Work instructions: Copy out exactly, from the entries that follow, the line holding "Keywords: trunk mushrooms", the line holding "Po 245 dneh", and all lines between them, but no pictures.

The input:
════

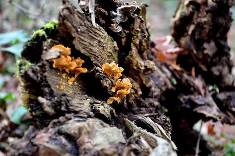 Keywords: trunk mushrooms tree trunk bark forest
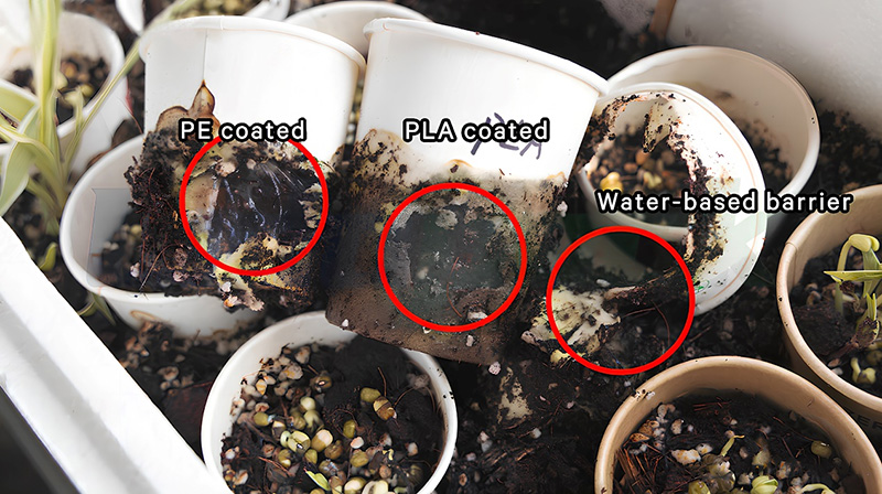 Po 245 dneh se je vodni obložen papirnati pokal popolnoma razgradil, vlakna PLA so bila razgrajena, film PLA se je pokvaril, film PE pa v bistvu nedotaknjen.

════

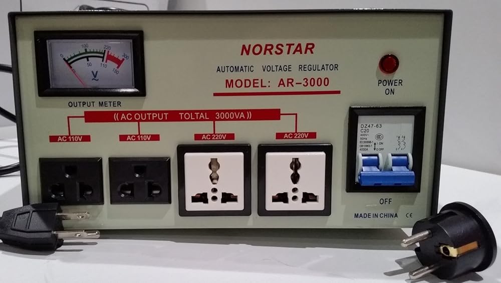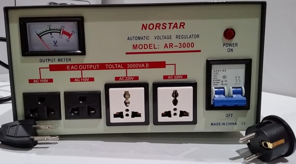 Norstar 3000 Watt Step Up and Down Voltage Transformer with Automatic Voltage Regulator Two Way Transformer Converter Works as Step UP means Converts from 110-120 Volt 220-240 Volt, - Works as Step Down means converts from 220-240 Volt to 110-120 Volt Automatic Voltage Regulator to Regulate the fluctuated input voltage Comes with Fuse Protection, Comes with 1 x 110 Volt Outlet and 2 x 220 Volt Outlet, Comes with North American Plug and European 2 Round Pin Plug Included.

════

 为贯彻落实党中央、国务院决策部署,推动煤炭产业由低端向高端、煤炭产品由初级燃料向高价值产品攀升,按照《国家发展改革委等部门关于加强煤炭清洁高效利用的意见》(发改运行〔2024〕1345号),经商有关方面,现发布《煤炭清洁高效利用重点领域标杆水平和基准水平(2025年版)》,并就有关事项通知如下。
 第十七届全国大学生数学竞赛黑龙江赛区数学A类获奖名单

════

Response:
 Keywords: trunk mushrooms tree trunk bark forest
 Po 245 dneh se je vodni obložen papirnati pokal popolnoma razgradil, vlakna PLA so bila razgrajena, film PLA se je pokvaril, film PE pa v bistvu nedotaknjen.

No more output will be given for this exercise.